Your assignment » Lines from the beginning of the material below through the line that has "即內(nèi)部二極管的等效" are to be reproduced exactly, but pictures are not.

Provided material »
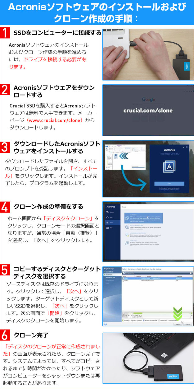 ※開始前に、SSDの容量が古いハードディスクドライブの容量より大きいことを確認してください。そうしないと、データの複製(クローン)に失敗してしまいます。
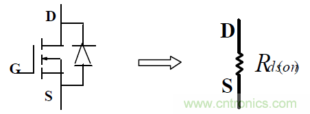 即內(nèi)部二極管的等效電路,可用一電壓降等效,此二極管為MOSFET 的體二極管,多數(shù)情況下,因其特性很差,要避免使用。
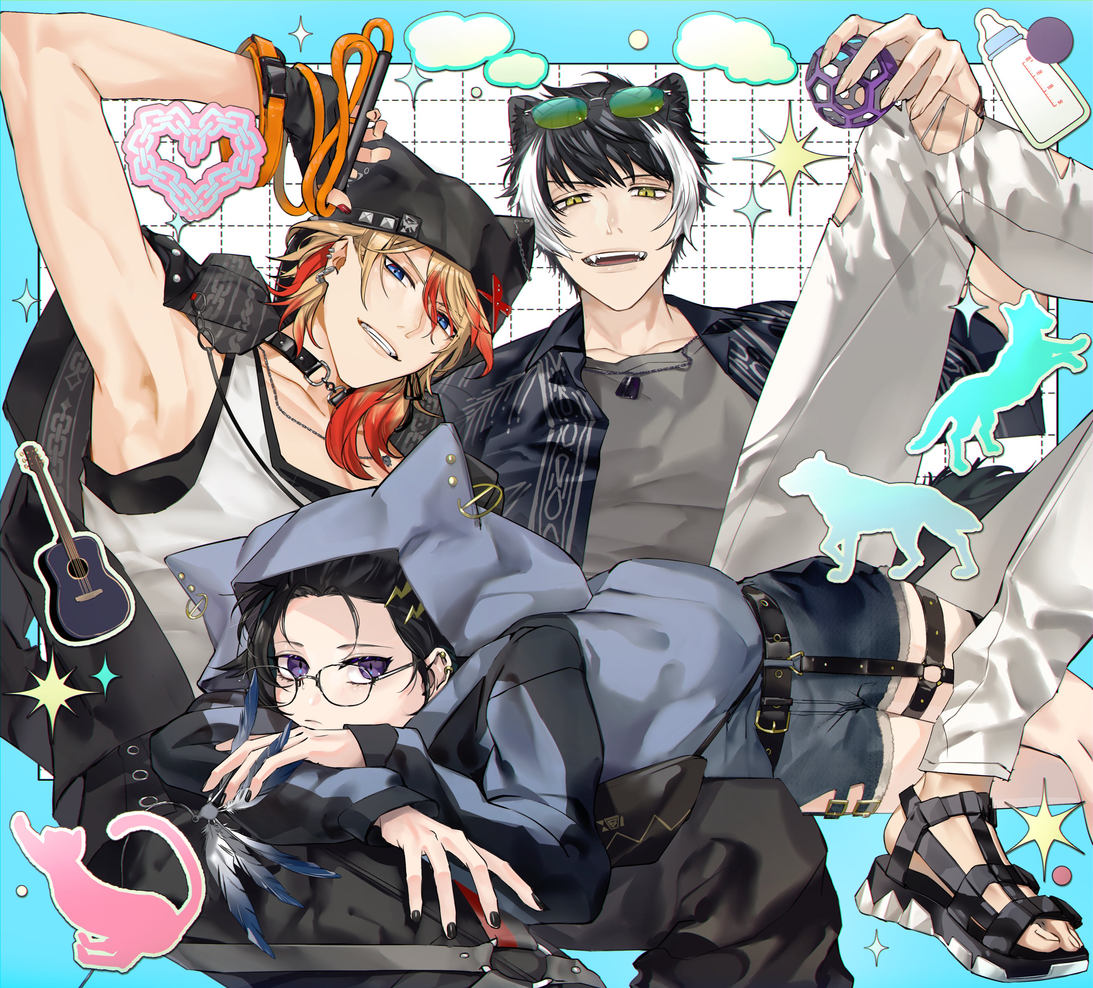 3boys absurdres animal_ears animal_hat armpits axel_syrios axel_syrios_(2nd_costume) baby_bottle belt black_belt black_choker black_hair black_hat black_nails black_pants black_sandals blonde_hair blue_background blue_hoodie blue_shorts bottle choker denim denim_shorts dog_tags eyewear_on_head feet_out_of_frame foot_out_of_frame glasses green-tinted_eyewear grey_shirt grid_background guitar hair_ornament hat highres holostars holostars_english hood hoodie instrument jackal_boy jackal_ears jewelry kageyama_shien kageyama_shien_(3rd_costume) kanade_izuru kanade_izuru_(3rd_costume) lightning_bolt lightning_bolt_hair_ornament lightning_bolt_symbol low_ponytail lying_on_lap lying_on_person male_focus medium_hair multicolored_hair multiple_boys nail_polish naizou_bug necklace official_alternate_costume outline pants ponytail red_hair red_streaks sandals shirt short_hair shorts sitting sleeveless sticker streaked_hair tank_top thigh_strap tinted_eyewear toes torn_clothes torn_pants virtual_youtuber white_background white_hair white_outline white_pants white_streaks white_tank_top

Written answer »
 ※開始前に、SSDの容量が古いハードディスクドライブの容量より大きいことを確認してください。そうしないと、データの複製(クローン)に失敗してしまいます。
 即內(nèi)部二極管的等效電路,可用一電壓降等效,此二極管為MOSFET 的體二極管,多數(shù)情況下,因其特性很差,要避免使用。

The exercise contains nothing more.